• _Exercise_
Please repeat the data below exactly, with the pictures removed.

Items from a dataset:
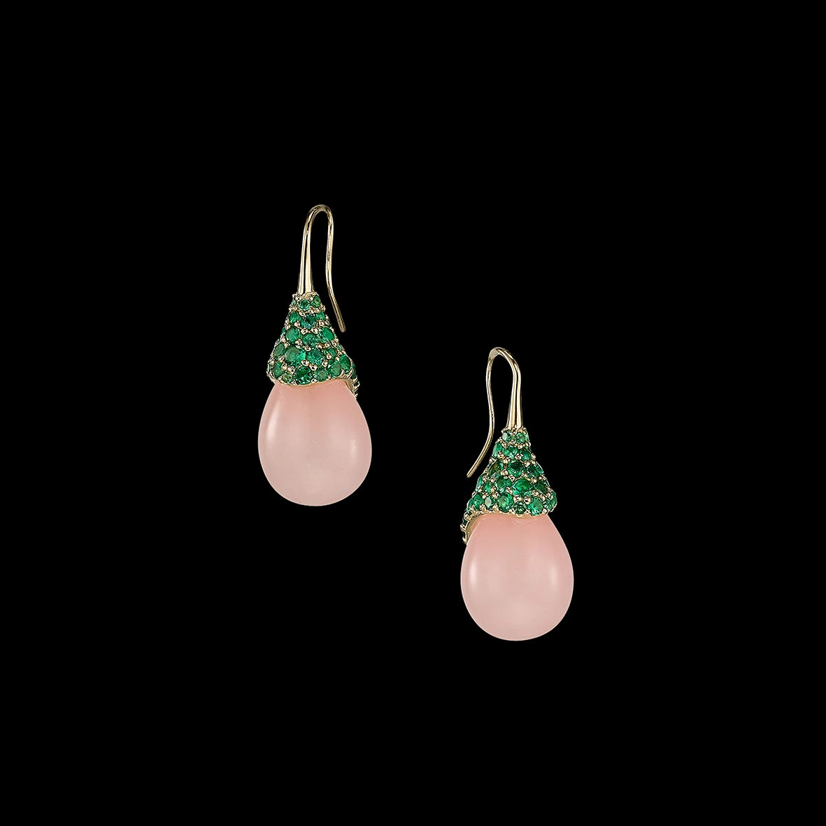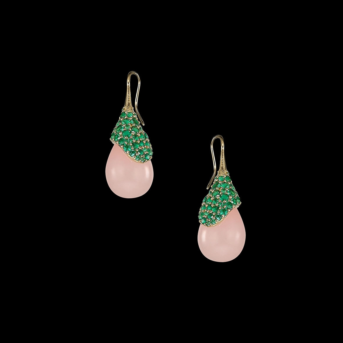 Regenerative™ rose quartz, 18k yellow gold vermeil, with laboratory-grown and created emeralds
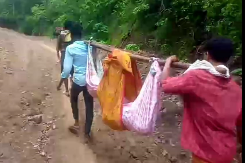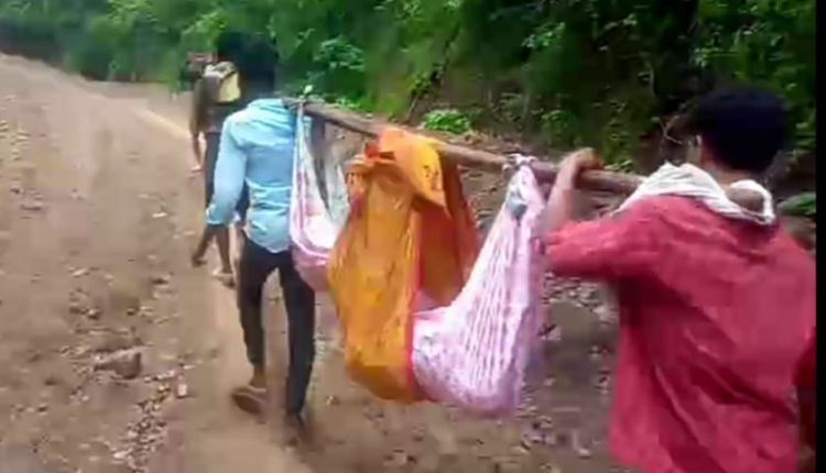 दैनिक रेवांचल टाइम्स – आदिवासी बाहुल्य जिला डिंडोरी में मानवता को शर्मसार करने वाला मामला सामने आया है जिसकी तस्वीरें सोशल मीडिया में वायरल हो रही है। जिसमें कुछ ग्रामीण एक डोली के सहारे एक महिला शव को अस्पताल तक लाने के लिए जद्दोजहद कर रहे हैं। कुछ ग्रामीण इसका वीडियो बनाकर सोशल मीडिया में वायरल कर दिया हैं। बताया जा रहा है कि शाहपुर थाना क्षेत्र के दुनिया बघाड़ गांव में बुधवार की रात श्रीवती बाई नामक महिला को सर्प ने काट लिया था और परिजन उसे अस्पताल ले जा पाते तब तक महिला की मौत हो गई।कुछ ग्रामीणों के साथ महिला के शव को पोष्टमार्टम के डोली में रखकर ऊबड़खाबड़ रास्ते से एम्बुलेंस तक लेकर आये थे चूंकि गांव तक सड़क नही होने से एम्बुलेंस नही पा रही थी लिहाजा सात किलोमीटर पैदल चलकर ग्रामीण एम्बुलेंस तक पहुंचे और अस्पताल लेकर आये लेकिन समय पर प्राथमिक उपचार न मिलने के कारण महिला की मौत हो गई। यह घटना उस गांव की है जिसे खुद क्षेत्रीय सांसद फग्गन सिंह कुलस्ते ने गोद लिया है। विकास के दावों के बीच इस गांव की जमीनी हकीकत कुछ और ही बयां करती है। महिला की मौत के बाद जो तस्वीर सामने आई, वो सिस्टम की संवेदनहीनता पर सवाल खड़े करती है…? महिला के शव को उसके परिजन बांस के सहारे कपड़े में बांधकर कंधे पर लादकर जिला अस्पताल लेकर पहुंचे ताकि पोस्टमार्टम कराया जा सके। इस घटना ने प्रशासनिक लापरवाही की पोल खोलकर रख दी है। गांव वालों ने सवाल उठाए हैं कि जब सांसद ने गांव को गोद लिया है और विकास नही करना था गांव को सांसद जी ने गोद क्यों लिया?
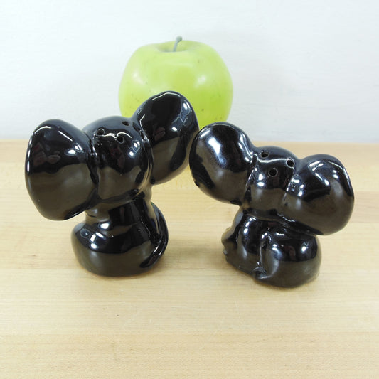 Salt & Pepper Shakers Ceramic Black Big Ear Mice Red Bows Japan
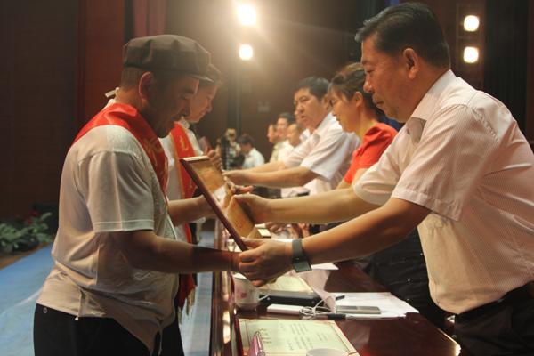 图为,县四套班子领导为受表彰的先进基层党组织颁奖。
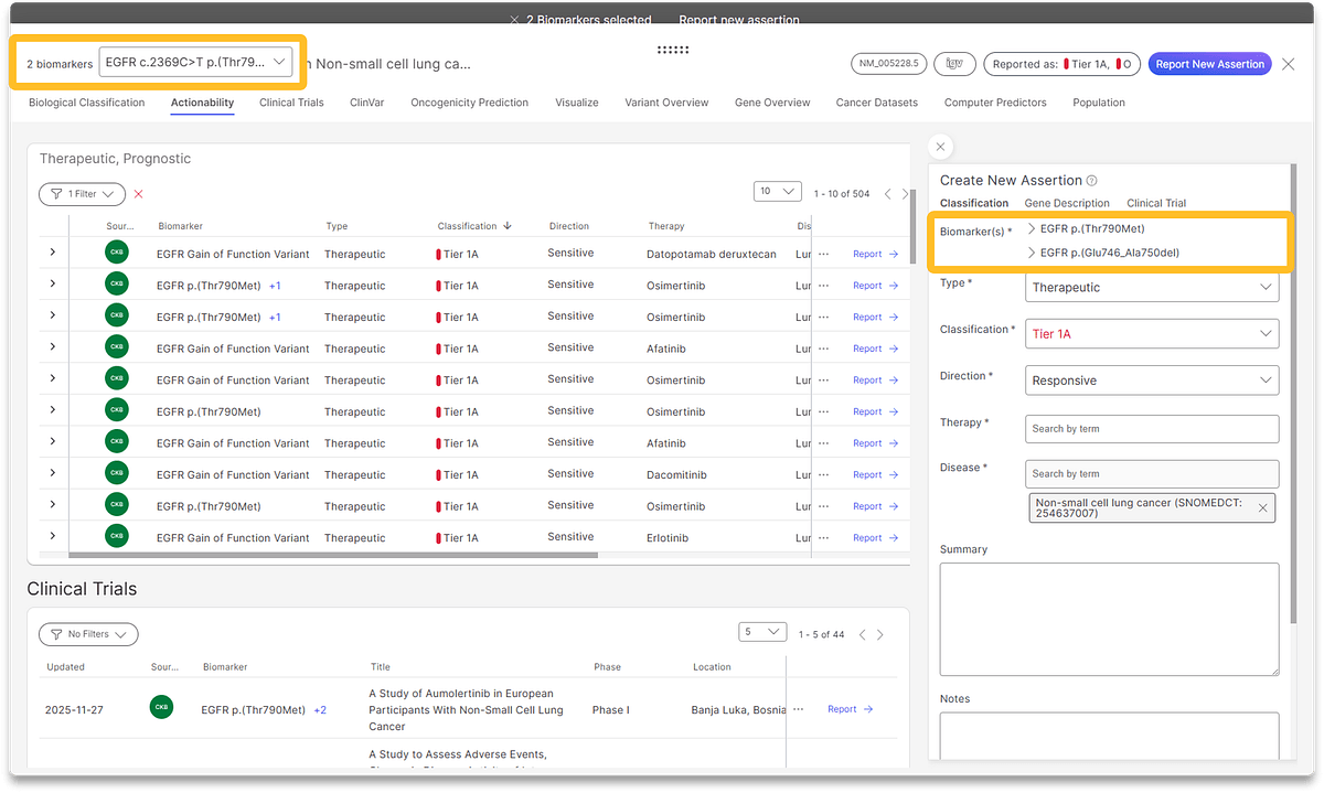 The biological landscape of a tumor is rarely defined by a single mutation. To capture this complexity, version 5.3 enhances variant interpretation through the ability to create and view co-occurring biomarker evidence. This feature allows researchers to identify and consider the interplay between multiple biomarkers, providing a more holistic understanding of the tumor profile and potential therapy resistance.

• _Task output_
 Regenerative™ rose quartz, 18k yellow gold vermeil, with laboratory-grown and created emeralds
 दैनिक रेवांचल टाइम्स – आदिवासी बाहुल्य जिला डिंडोरी में मानवता को शर्मसार करने वाला मामला सामने आया है जिसकी तस्वीरें सोशल मीडिया में वायरल हो रही है। जिसमें कुछ ग्रामीण एक डोली के सहारे एक महिला शव को अस्पताल तक लाने के लिए जद्दोजहद कर रहे हैं। कुछ ग्रामीण इसका वीडियो बनाकर सोशल मीडिया में वायरल कर दिया हैं। बताया जा रहा है कि शाहपुर थाना क्षेत्र के दुनिया बघाड़ गांव में बुधवार की रात श्रीवती बाई नामक महिला को सर्प ने काट लिया था और परिजन उसे अस्पताल ले जा पाते तब तक महिला की मौत हो गई।कुछ ग्रामीणों के साथ महिला के शव को पोष्टमार्टम के डोली में रखकर ऊबड़खाबड़ रास्ते से एम्बुलेंस तक लेकर आये थे चूंकि गांव तक सड़क नही होने से एम्बुलेंस नही पा रही थी लिहाजा सात किलोमीटर पैदल चलकर ग्रामीण एम्बुलेंस तक पहुंचे और अस्पताल लेकर आये लेकिन समय पर प्राथमिक उपचार न मिलने के कारण महिला की मौत हो गई। यह घटना उस गांव की है जिसे खुद क्षेत्रीय सांसद फग्गन सिंह कुलस्ते ने गोद लिया है। विकास के दावों के बीच इस गांव की जमीनी हकीकत कुछ और ही बयां करती है। महिला की मौत के बाद जो तस्वीर सामने आई, वो सिस्टम की संवेदनहीनता पर सवाल खड़े करती है…? महिला के शव को उसके परिजन बांस के सहारे कपड़े में बांधकर कंधे पर लादकर जिला अस्पताल लेकर पहुंचे ताकि पोस्टमार्टम कराया जा सके। इस घटना ने प्रशासनिक लापरवाही की पोल खोलकर रख दी है। गांव वालों ने सवाल उठाए हैं कि जब सांसद ने गांव को गोद लिया है और विकास नही करना था गांव को सांसद जी ने गोद क्यों लिया?
 Salt & Pepper Shakers Ceramic Black Big Ear Mice Red Bows Japan
 图为,县四套班子领导为受表彰的先进基层党组织颁奖。
 The biological landscape of a tumor is rarely defined by a single mutation. To capture this complexity, version 5.3 enhances variant interpretation through the ability to create and view co-occurring biomarker evidence. This feature allows researchers to identify and consider the interplay between multiple biomarkers, providing a more holistic understanding of the tumor profile and potential therapy resistance.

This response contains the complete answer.